(Data items)
################

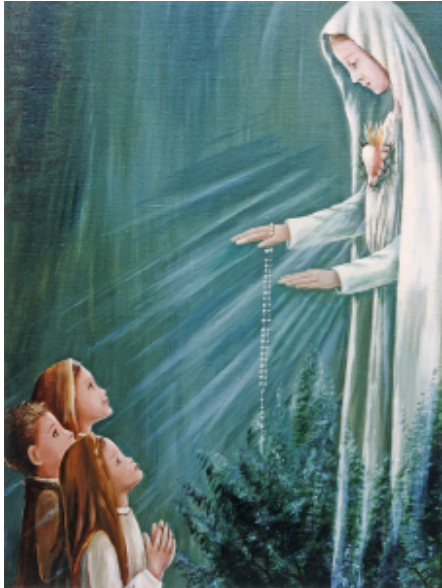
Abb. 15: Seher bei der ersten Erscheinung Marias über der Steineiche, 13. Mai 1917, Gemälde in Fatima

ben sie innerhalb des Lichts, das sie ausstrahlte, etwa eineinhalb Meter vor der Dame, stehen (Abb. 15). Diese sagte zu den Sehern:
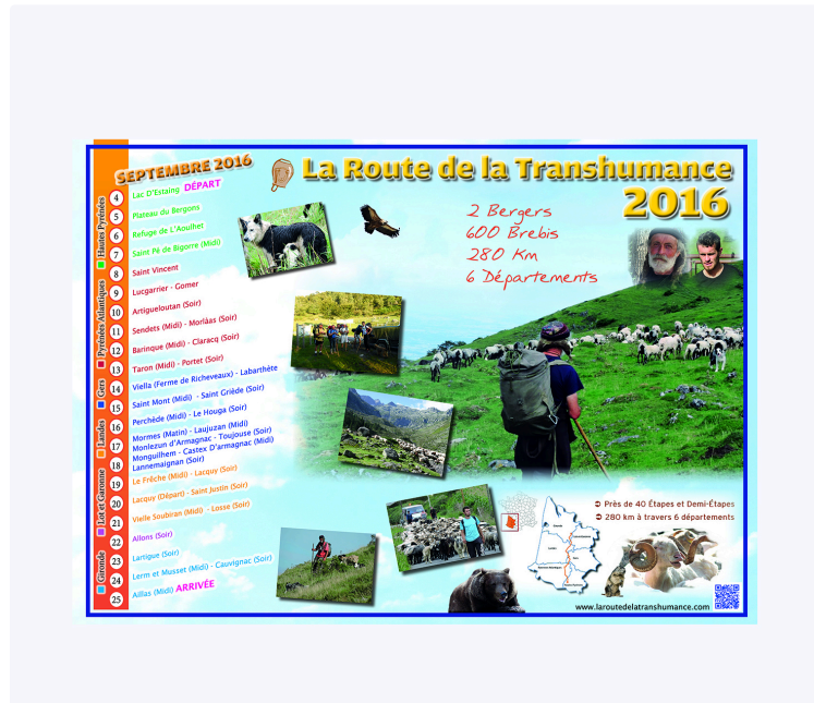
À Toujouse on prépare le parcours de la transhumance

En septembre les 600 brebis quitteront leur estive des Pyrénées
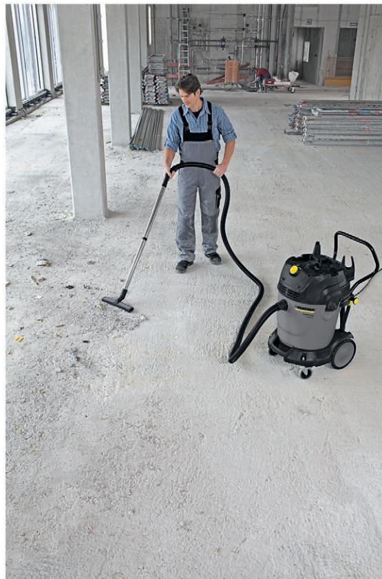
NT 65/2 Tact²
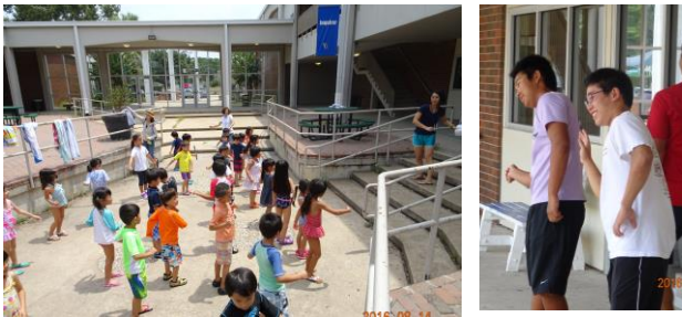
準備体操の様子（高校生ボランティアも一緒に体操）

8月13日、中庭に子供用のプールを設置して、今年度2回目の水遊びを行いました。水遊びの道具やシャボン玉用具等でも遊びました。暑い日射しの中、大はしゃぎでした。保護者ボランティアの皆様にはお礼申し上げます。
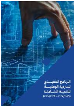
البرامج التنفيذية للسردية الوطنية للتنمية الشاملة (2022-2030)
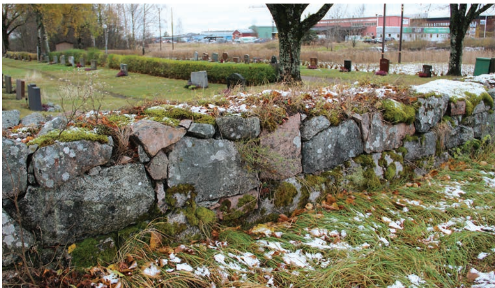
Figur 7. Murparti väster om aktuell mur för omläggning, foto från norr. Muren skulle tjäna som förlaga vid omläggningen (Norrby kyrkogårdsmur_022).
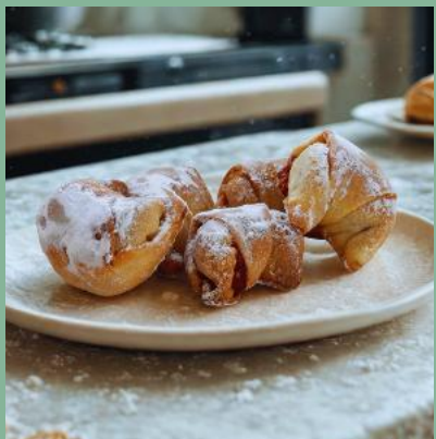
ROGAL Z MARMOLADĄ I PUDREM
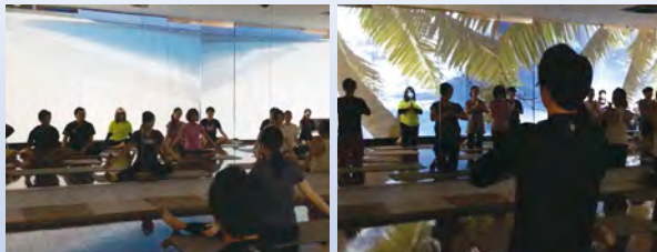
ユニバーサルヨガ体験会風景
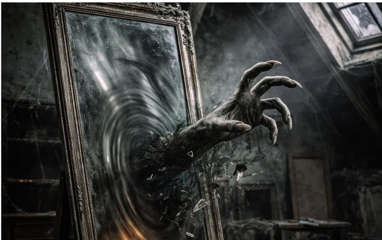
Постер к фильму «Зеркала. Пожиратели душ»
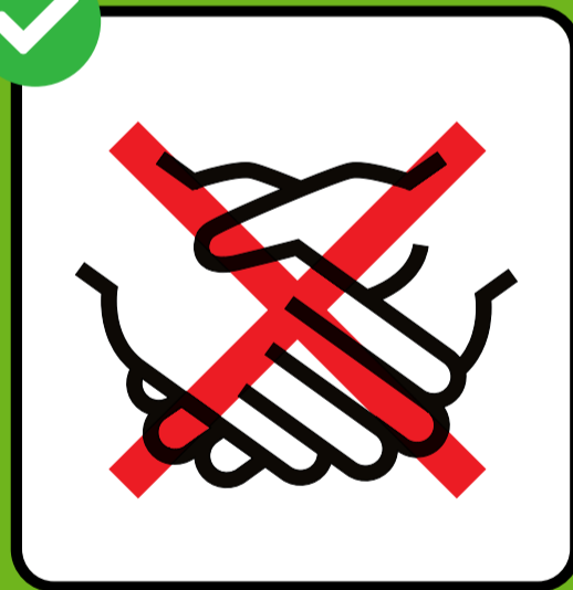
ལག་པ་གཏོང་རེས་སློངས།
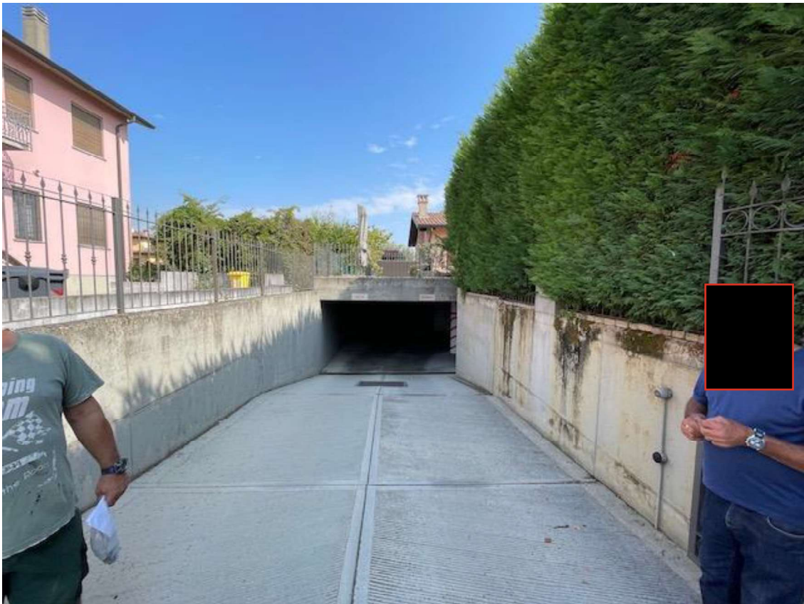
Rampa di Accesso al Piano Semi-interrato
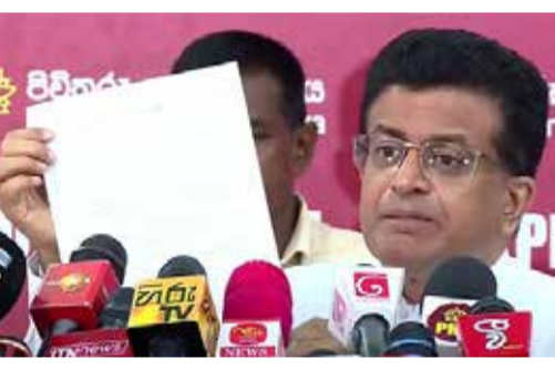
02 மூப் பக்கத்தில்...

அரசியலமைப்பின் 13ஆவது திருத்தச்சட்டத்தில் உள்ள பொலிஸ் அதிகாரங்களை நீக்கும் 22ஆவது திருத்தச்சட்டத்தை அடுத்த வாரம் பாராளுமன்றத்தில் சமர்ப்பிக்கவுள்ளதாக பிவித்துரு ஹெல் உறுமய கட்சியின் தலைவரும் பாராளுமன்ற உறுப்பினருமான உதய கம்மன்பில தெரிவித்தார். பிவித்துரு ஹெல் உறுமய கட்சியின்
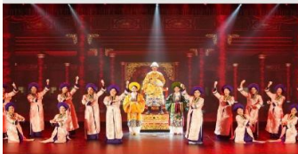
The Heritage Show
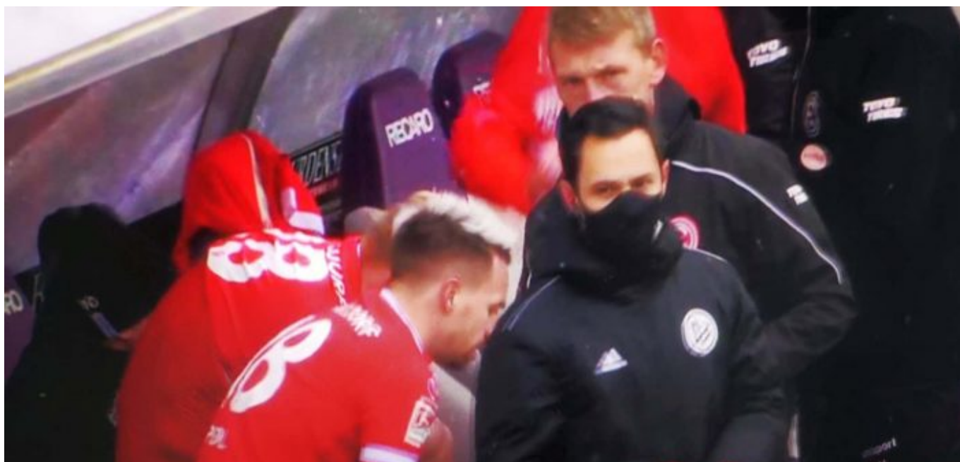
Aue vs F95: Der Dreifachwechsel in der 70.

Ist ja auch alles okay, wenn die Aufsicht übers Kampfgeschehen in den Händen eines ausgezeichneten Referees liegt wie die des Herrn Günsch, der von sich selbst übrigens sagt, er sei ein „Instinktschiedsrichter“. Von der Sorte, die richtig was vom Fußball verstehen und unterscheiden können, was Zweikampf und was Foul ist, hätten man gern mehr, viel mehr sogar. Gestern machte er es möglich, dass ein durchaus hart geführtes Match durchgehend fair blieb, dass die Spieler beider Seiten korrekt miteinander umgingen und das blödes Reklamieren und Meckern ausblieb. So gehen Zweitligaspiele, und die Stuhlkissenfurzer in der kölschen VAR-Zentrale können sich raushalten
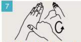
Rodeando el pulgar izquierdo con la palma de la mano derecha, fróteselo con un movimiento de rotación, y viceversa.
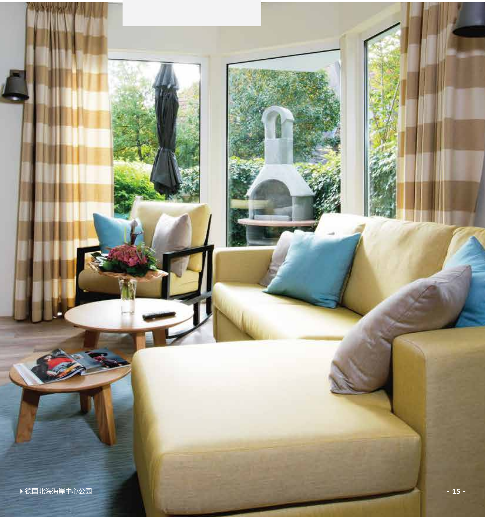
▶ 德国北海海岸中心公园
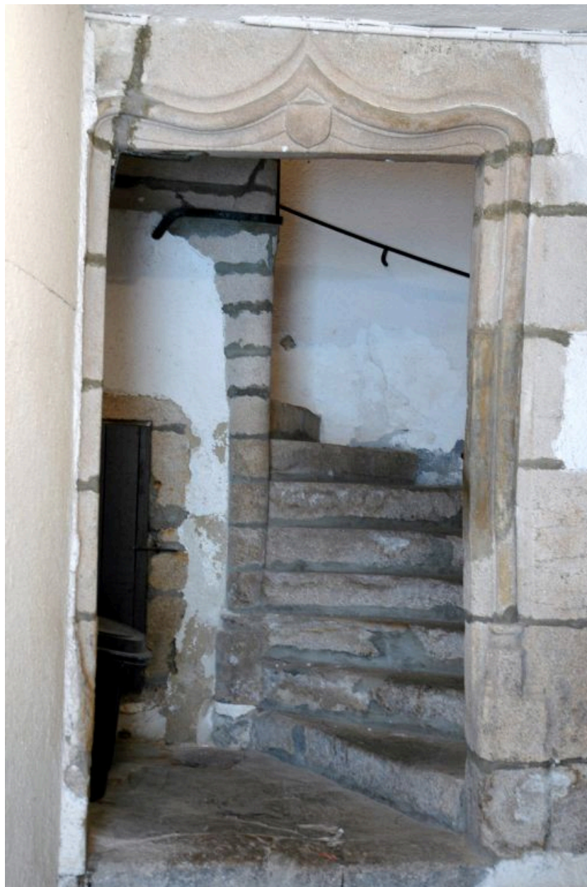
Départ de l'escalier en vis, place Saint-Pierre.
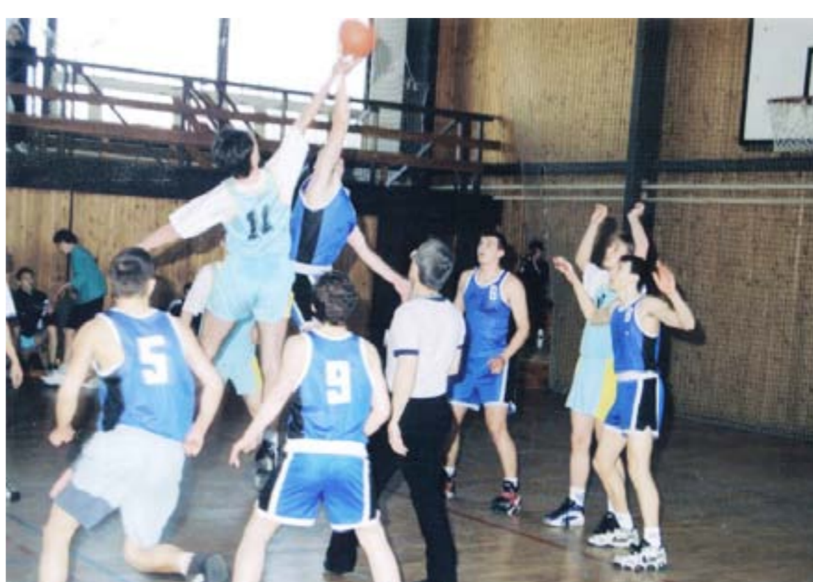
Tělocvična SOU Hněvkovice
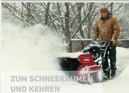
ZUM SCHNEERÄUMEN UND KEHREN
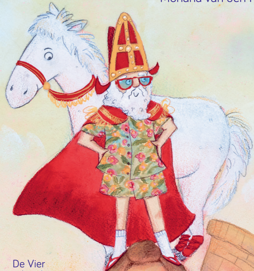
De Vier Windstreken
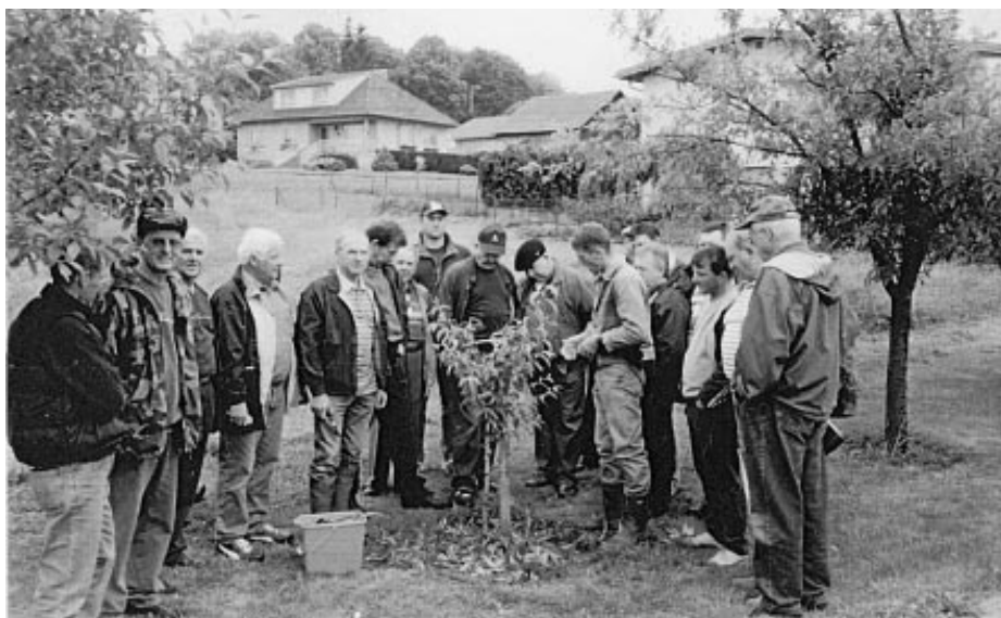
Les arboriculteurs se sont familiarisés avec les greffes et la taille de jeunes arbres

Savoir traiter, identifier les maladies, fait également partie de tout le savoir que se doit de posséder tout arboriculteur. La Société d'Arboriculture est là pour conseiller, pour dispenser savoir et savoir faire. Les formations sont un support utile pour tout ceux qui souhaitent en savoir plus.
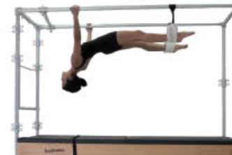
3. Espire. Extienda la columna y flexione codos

################

#### REQUIREMENT:
Copy all the entries word for word. Omit any pictures.

#### RESPONSE AREA:
Abb. 15: Seher bei der ersten Erscheinung Marias über der Steineiche, 13. Mai 1917, Gemälde in Fatima

ben sie innerhalb des Lichts, das sie ausstrahlte, etwa eineinhalb Meter vor der Dame, stehen (Abb. 15). Diese sagte zu den Sehern:
À Toujouse on prépare le parcours de la transhumance

En septembre les 600 brebis quitteront leur estive des Pyrénées
NT 65/2 Tact²
準備体操の様子（高校生ボランティアも一緒に体操）

8月13日、中庭に子供用のプールを設置して、今年度2回目の水遊びを行いました。水遊びの道具やシャボン玉用具等でも遊びました。暑い日射しの中、大はしゃぎでした。保護者ボランティアの皆様にはお礼申し上げます。
البرامج التنفيذية للسردية الوطنية للتنمية الشاملة (2022-2030)
Figur 7. Murparti väster om aktuell mur för omläggning, foto från norr. Muren skulle tjäna som förlaga vid omläggningen (Norrby kyrkogårdsmur_022).
ROGAL Z MARMOLADĄ I PUDREM
ユニバーサルヨガ体験会風景
Постер к фильму «Зеркала. Пожиратели душ»
ལག་པ་གཏོང་རེས་སློངས།
Rampa di Accesso al Piano Semi-interrato
02 மூப் பக்கத்தில்...

அரசியலமைப்பின் 13ஆவது திருத்தச்சட்டத்தில் உள்ள பொலிஸ் அதிகாரங்களை நீக்கும் 22ஆவது திருத்தச்சட்டத்தை அடுத்த வாரம் பாராளுமன்றத்தில் சமர்ப்பிக்கவுள்ளதாக பிவித்துரு ஹெல் உறுமய கட்சியின் தலைவரும் பாராளுமன்ற உறுப்பினருமான உதய கம்மன்பில தெரிவித்தார். பிவித்துரு ஹெல் உறுமய கட்சியின்
The Heritage Show
Aue vs F95: Der Dreifachwechsel in der 70.

Ist ja auch alles okay, wenn die Aufsicht übers Kampfgeschehen in den Händen eines ausgezeichneten Referees liegt wie die des Herrn Günsch, der von sich selbst übrigens sagt, er sei ein „Instinktschiedsrichter“. Von der Sorte, die richtig was vom Fußball verstehen und unterscheiden können, was Zweikampf und was Foul ist, hätten man gern mehr, viel mehr sogar. Gestern machte er es möglich, dass ein durchaus hart geführtes Match durchgehend fair blieb, dass die Spieler beider Seiten korrekt miteinander umgingen und das blödes Reklamieren und Meckern ausblieb. So gehen Zweitligaspiele, und die Stuhlkissenfurzer in der kölschen VAR-Zentrale können sich raushalten
Rodeando el pulgar izquierdo con la palma de la mano derecha, fróteselo con un movimiento de rotación, y viceversa.
▶ 德国北海海岸中心公园
Départ de l'escalier en vis, place Saint-Pierre.
Tělocvična SOU Hněvkovice
ZUM SCHNEERÄUMEN UND KEHREN
De Vier Windstreken
Les arboriculteurs se sont familiarisés avec les greffes et la taille de jeunes arbres

Savoir traiter, identifier les maladies, fait également partie de tout le savoir que se doit de posséder tout arboriculteur. La Société d'Arboriculture est là pour conseiller, pour dispenser savoir et savoir faire. Les formations sont un support utile pour tout ceux qui souhaitent en savoir plus.
3. Espire. Extienda la columna y flexione codos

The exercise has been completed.